▸ **Instructions for the task**
Copy the lines below as they are; omit the images they contain.
--- Data extract Enclosed Below ---
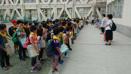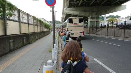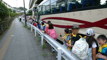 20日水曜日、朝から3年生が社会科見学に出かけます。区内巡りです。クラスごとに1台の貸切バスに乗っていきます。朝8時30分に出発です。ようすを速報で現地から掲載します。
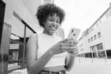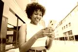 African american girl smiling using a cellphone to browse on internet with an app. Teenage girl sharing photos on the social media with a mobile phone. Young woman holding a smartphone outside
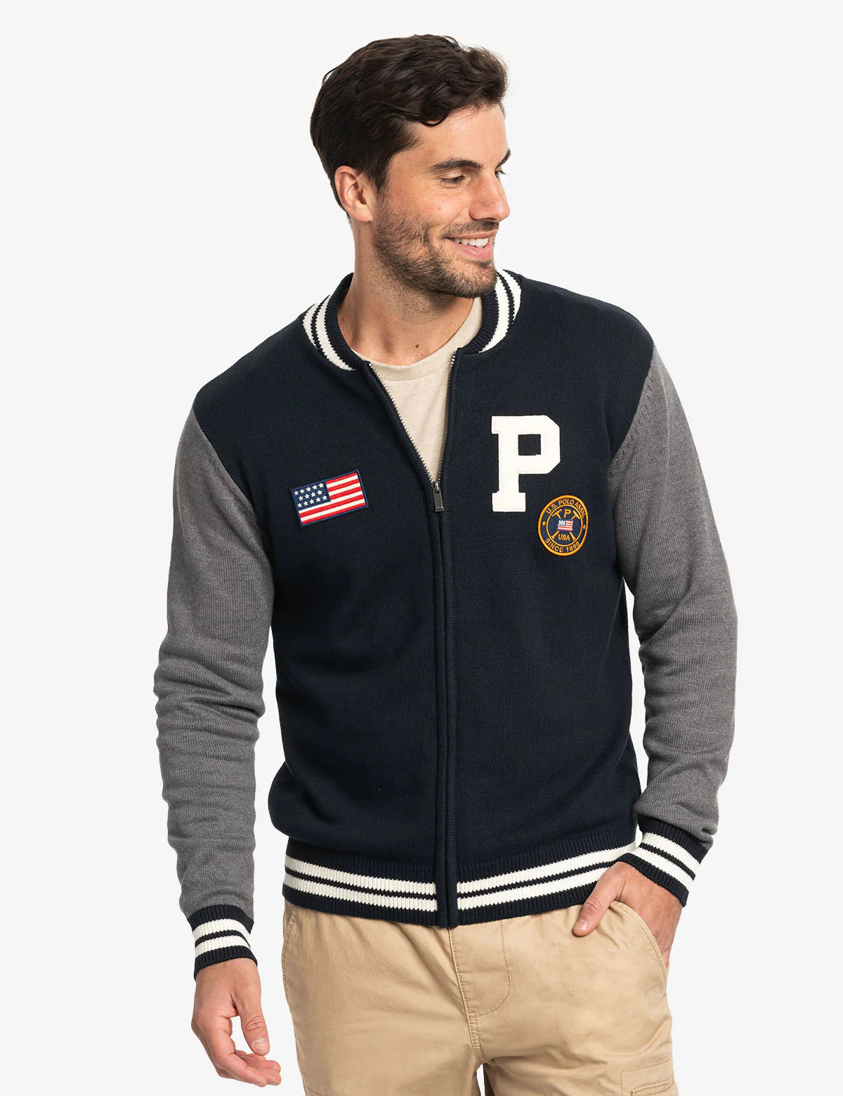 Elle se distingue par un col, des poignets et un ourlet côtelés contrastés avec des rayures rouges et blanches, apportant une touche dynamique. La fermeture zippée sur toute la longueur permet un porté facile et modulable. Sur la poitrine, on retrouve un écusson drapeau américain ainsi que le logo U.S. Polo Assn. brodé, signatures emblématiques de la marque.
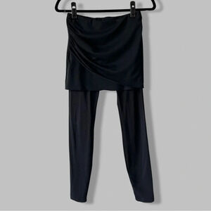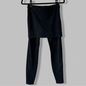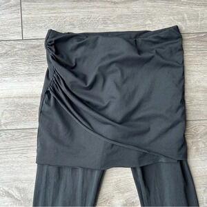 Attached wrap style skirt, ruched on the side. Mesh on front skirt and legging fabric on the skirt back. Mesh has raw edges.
--- End of Enclosed Data extract ---
▸ **Result of this task**
 20日水曜日、朝から3年生が社会科見学に出かけます。区内巡りです。クラスごとに1台の貸切バスに乗っていきます。朝8時30分に出発です。ようすを速報で現地から掲載します。
 African american girl smiling using a cellphone to browse on internet with an app. Teenage girl sharing photos on the social media with a mobile phone. Young woman holding a smartphone outside
 Elle se distingue par un col, des poignets et un ourlet côtelés contrastés avec des rayures rouges et blanches, apportant une touche dynamique. La fermeture zippée sur toute la longueur permet un porté facile et modulable. Sur la poitrine, on retrouve un écusson drapeau américain ainsi que le logo U.S. Polo Assn. brodé, signatures emblématiques de la marque.
 Attached wrap style skirt, ruched on the side. Mesh on front skirt and legging fabric on the skirt back. Mesh has raw edges.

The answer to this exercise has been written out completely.